OpenSearch [RFC] Introduce concurrent translog recovery to accelerate segment replication primary promotion

Background

The purpose of this RFC is to discuss the solution to the long primary promotion time for segment replication mentioned in https://github.com/opensearch-project/OpenSearch/issues/20118. Primary promotion may take up to 15 minutes or even longer. During this period, write throughput significantly decreases.

Reproduction

Primary promotion takes a long time

The test cluster includes 4 16U64G data nodes, with segment replication and merged segment warmer enabled. Execute the following command.

opensearch-benchmark execute-test --target-hosts http://[fdbd:dc05:b:235::33]:9463 --workload=nyc_taxis --workload-params="search_clients: 4, bulk_indexing_clients: 32, number_of_shards:4, number_of_replicas: 1" --kill-running-processes

After restarting the data-0 node, a write throughput decline lasting more than 15 minutes can be observed.

Through the logs, we can see that a total of 3,911,465 operations were recovered from the translog.

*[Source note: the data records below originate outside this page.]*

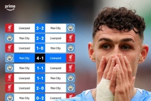 據媒體統(tǒng)計,近8次在英超對陣利物浦,曼城僅取勝1場,具體戰(zhàn)績1勝4平3負。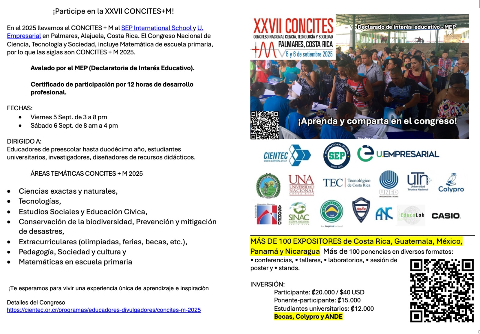 Se acerca el XXVII CONCITES+M que iniciará la tarde del 5 de agosto en el SEP International School en Palmares y aún contamos con algunas becas parciales para educadores y estudiantes universitarios.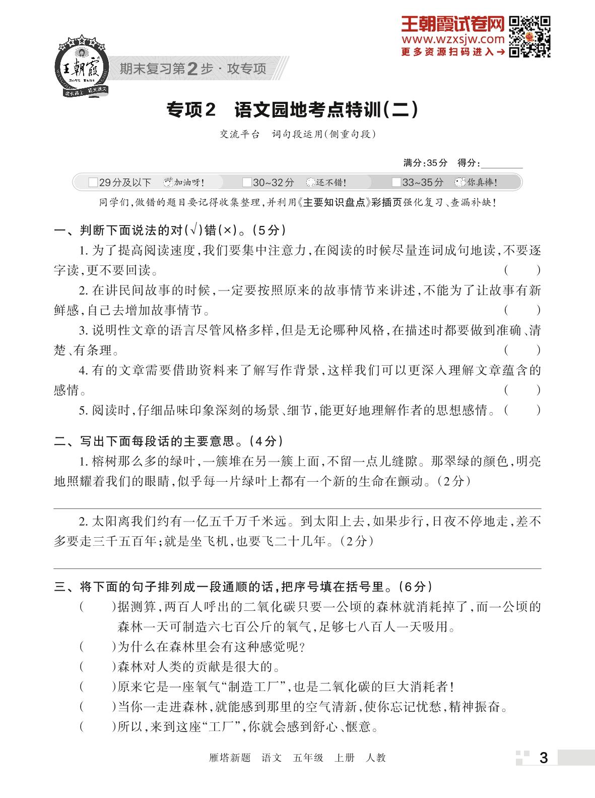 王朝霞期末专项卷——语文园地考点特训(二)五年级上册语文(人教版)_R221123154631655【2】
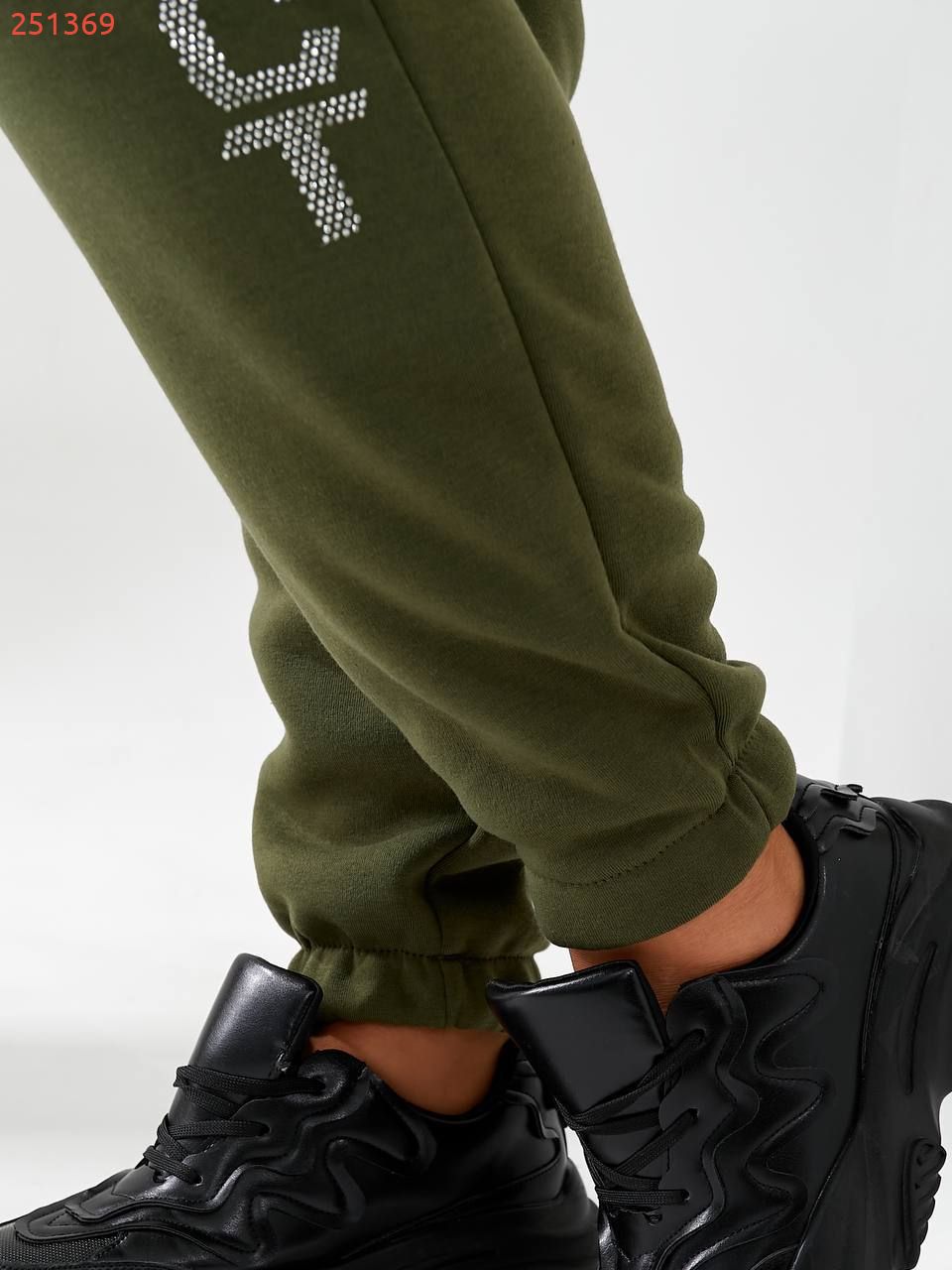 Штани з високою посадкою, пояс гумка 4 см, з боків кишені, декоровані камінням

[2025-11-22T01:29:43,325][TRACE][o.o.i.e.Engine           ] [byte-es-test-native-data-1] [nyc_taxis][1] flushing post recovery from translog: ops recovered [3911465], current translog generation [1693]

Analysis

Reasons for the long translog recovery time

In the segment replication scenario, replicas only record the translog. The default refresh interval for the nyc_taxis is 30 seconds. In a production environment, a refresh interval of 30 to 60 seconds is also a common configuration. This means that any document that has not been synchronized through segment replication within the refresh interval will be recovered via the translog during the primary promotion process.

Solution

Accelerate translog recovery

Add a dedicated thread pool translog_recovery for translog recovery.
Provides dynamic configuration at the index level to enable concurrent recovery of translog and specify the number of translog operations processed by a single thread.
When performing translog recovery, if the total number of translogs exceeds the threshold for single-threaded processing, it will be split into multiple threads for concurrent execution.
We can consider first restricting the concurrency mechanism of translog recovery to the segment replication scenario. Meanwhile, some backoff strategies can be considered, such as falling back to the current logic when the translog_recovery thread pool is busy.

Evaluation

Recovery speed increased by 13 times

Using the same test, enable translog recovery concurrency, with each thread handling 200,000 operations.

After restarting the data-0 node, the write throughput decline lasted 1min7s

Through the logs, we can see that a total of 3,804,928 operations were recovered from the translog.

[2025-11-27T14:45:17,623][TRACE][o.o.i.e.Engine           ] [byte-es-test-native-data-1] [nyc_taxis][1] flushing post recovery from translog: ops recovered [3804928], current translog generation [1285]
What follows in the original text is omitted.